-- Opening Marker --

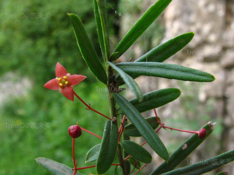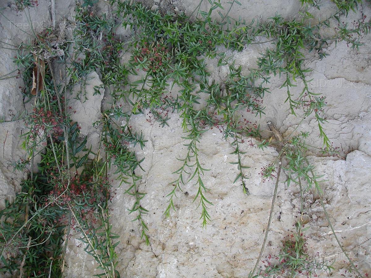 叶互生或三叶轮生,线形或线状披针形,边缘具稀疏短刺齿,常反卷。聚伞花序1-3花;花紫绿色,4数。蒴果扁圆,4浅裂,直径约9毫米。
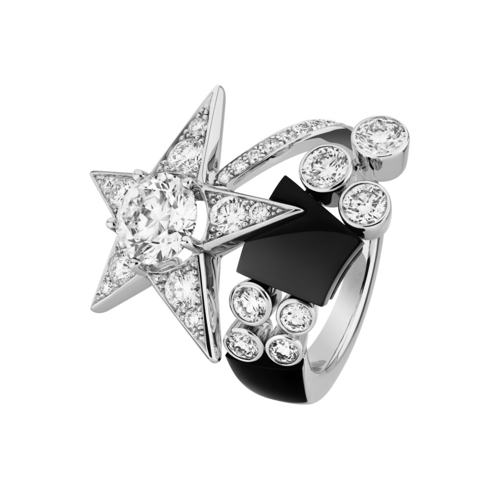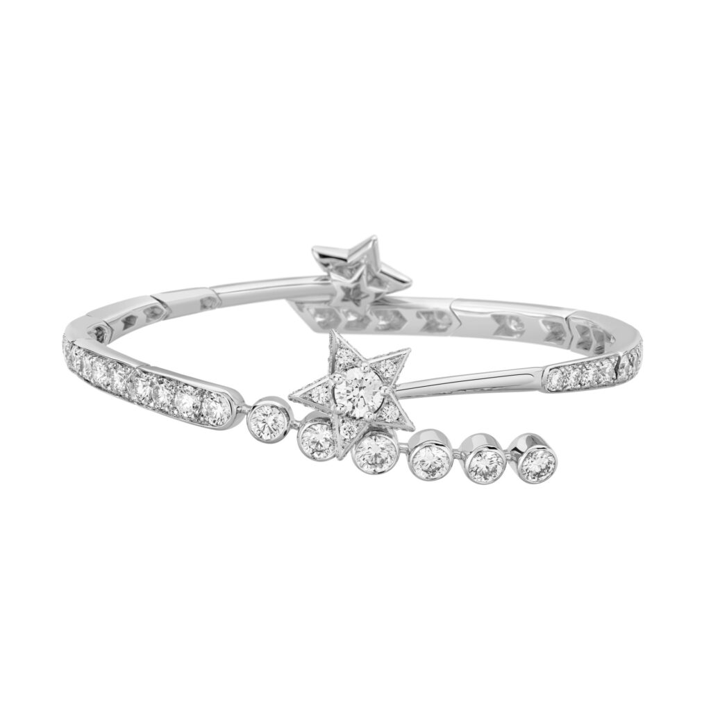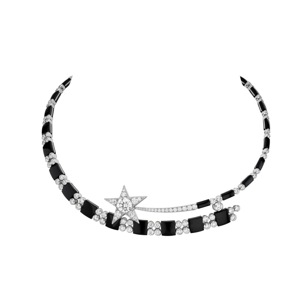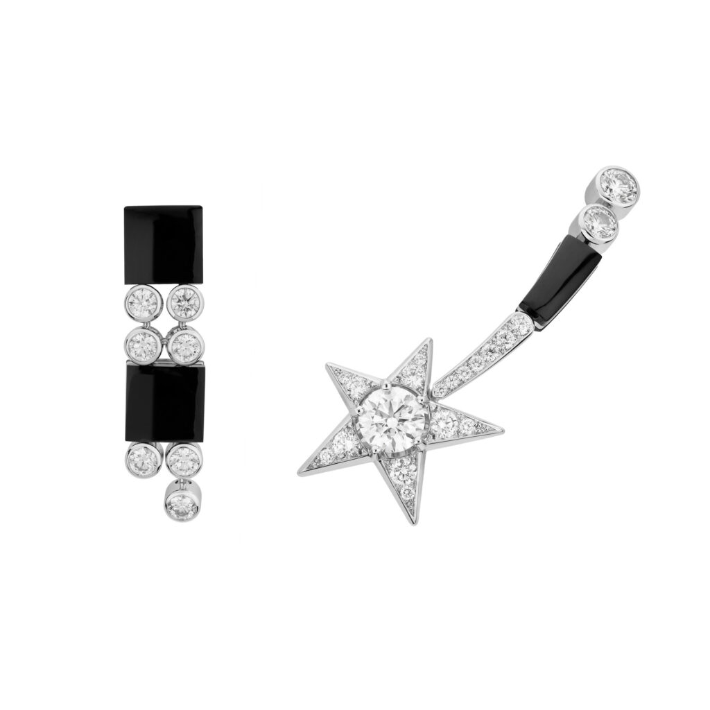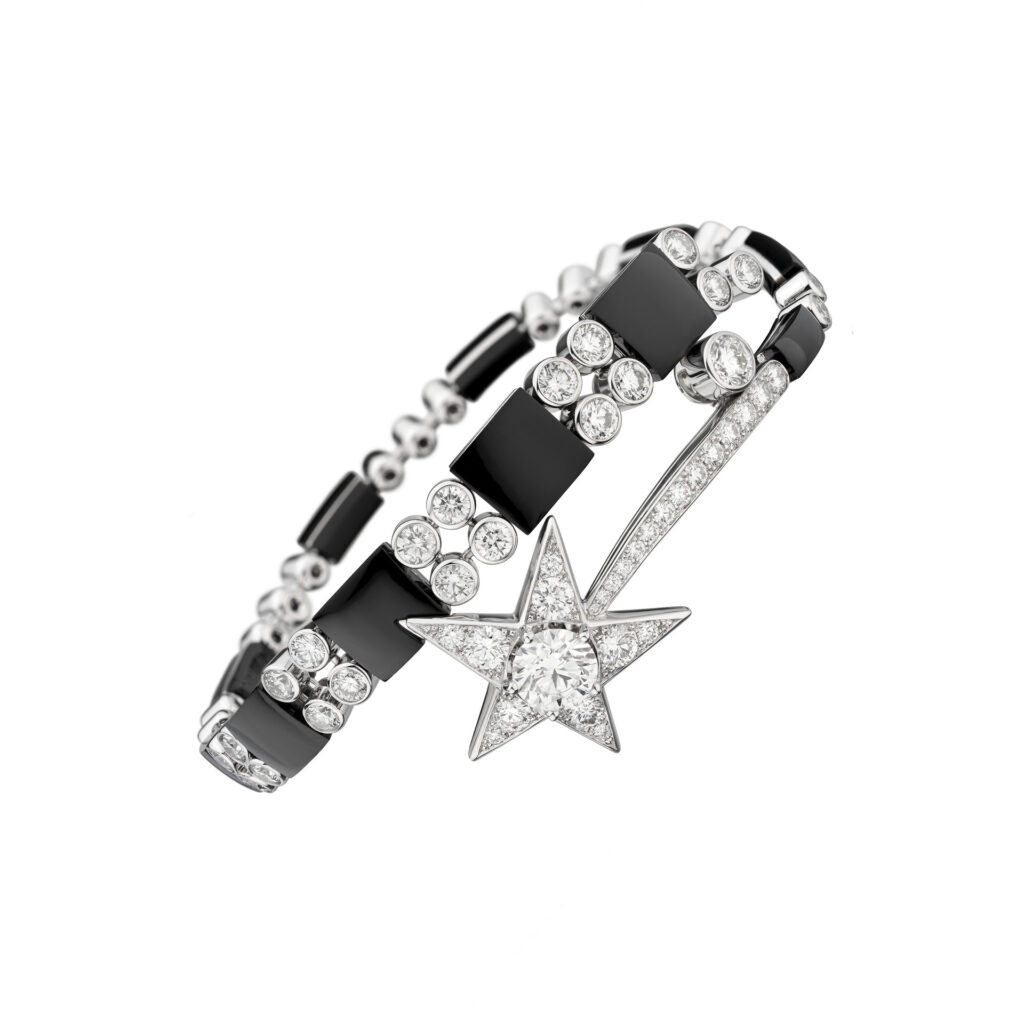 Reprenant l’épure du bracelet Harmonie de « Bijoux de Diamants », le collier, le bracelet, les boucles d’oreille et la bague « Comète Harmonie » sont des étoiles filantes, les seules en noir et blanc si chers à Mademoiselle Chanel.
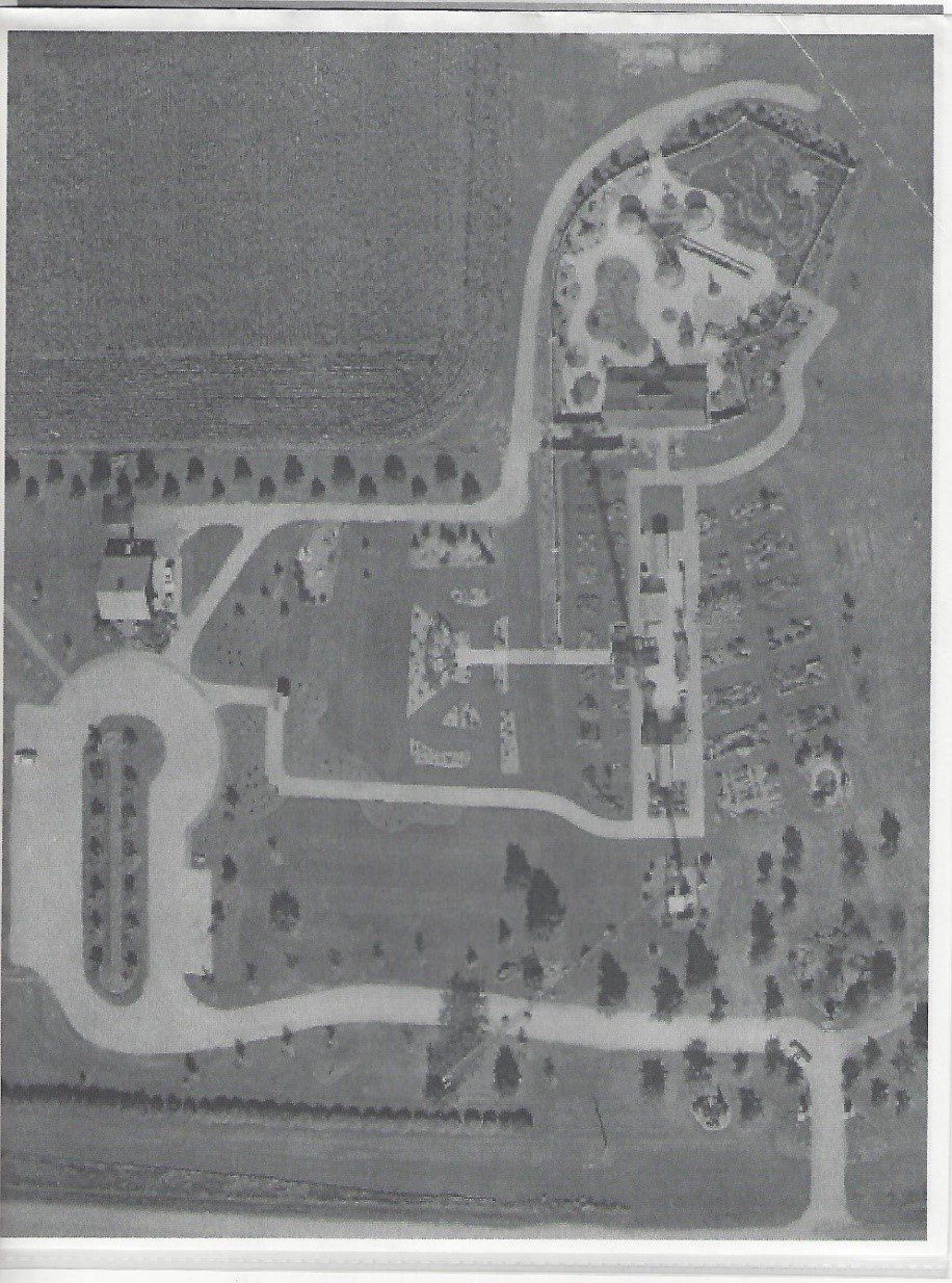 There were ten different varieties of flowers planted here as well as 3 small Gray Dogwood trees. The Activity Lawns were three oval lawns surrounded by gravel pathways.
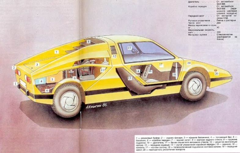 Компоновка "заднемоторная" - естественно перекочевала из донора - ЗАЗ-966. Салон двухместный, как полагается автомобилю с прицелом на "спортивность".
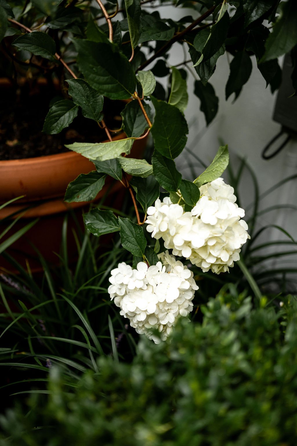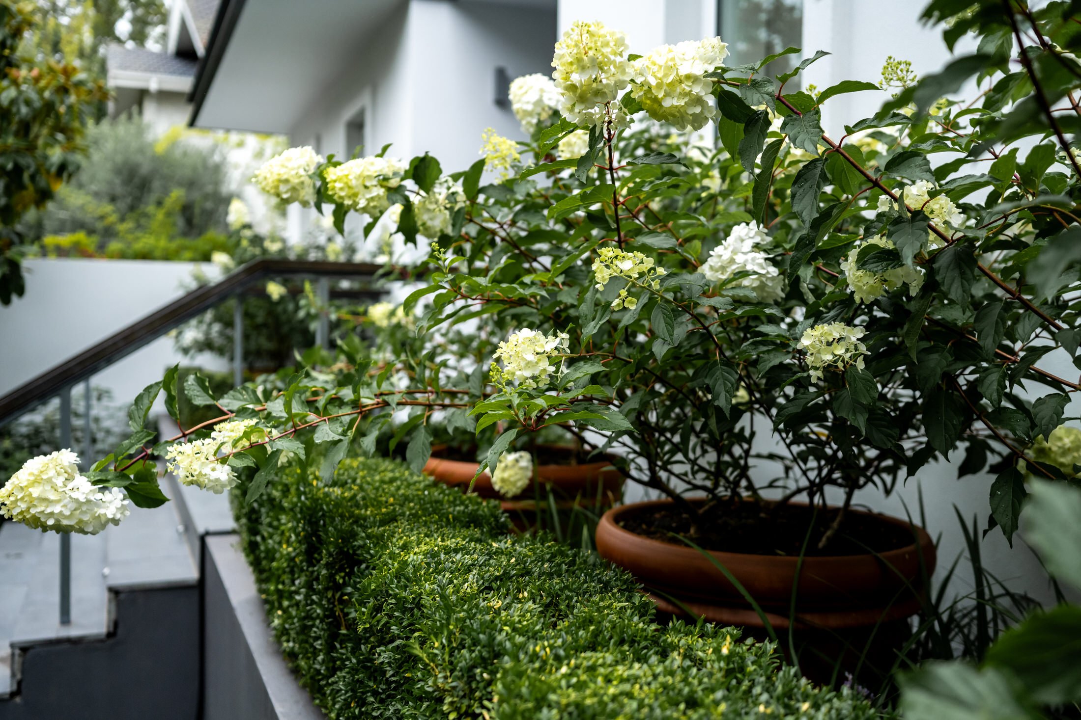 The design focuses on structure repetition and restraint. Entry sequences are defined by layered planting and controlled form, including advanced Hydrangea paniculata set within oversized traditional terracotta pots and connected by Liriope muscari 'Evergreen Giant' underplanting and clipped Buxus sempervirens, introducing a soft yet measured sense of maturity to the front garden. Elsewhere layered foliage and controlled mass planting shape sheltered courtyards and poolside spaces, allowing privacy and greenery to sit comfortably within the architecture without visual dominance. Each planting selection emphasises longevity and seasonal rhythm, allowing the landscape to shift subtly over time while maintaining a composed character appropriate to its neighbourhood.

-- Closing Marker --

• EXERCISE DESCRIPTION:
Copy out nothing but the lines from the beginning of the records through the one that contains "- естественно перекочевала". Skip the pictures.

• RESULT OF THE TASK:
 叶互生或三叶轮生,线形或线状披针形,边缘具稀疏短刺齿,常反卷。聚伞花序1-3花;花紫绿色,4数。蒴果扁圆,4浅裂,直径约9毫米。
 Reprenant l’épure du bracelet Harmonie de « Bijoux de Diamants », le collier, le bracelet, les boucles d’oreille et la bague « Comète Harmonie » sont des étoiles filantes, les seules en noir et blanc si chers à Mademoiselle Chanel.
 There were ten different varieties of flowers planted here as well as 3 small Gray Dogwood trees. The Activity Lawns were three oval lawns surrounded by gravel pathways.
 Компоновка "заднемоторная" - естественно перекочевала из донора - ЗАЗ-966. Салон двухместный, как полагается автомобилю с прицелом на "спортивность".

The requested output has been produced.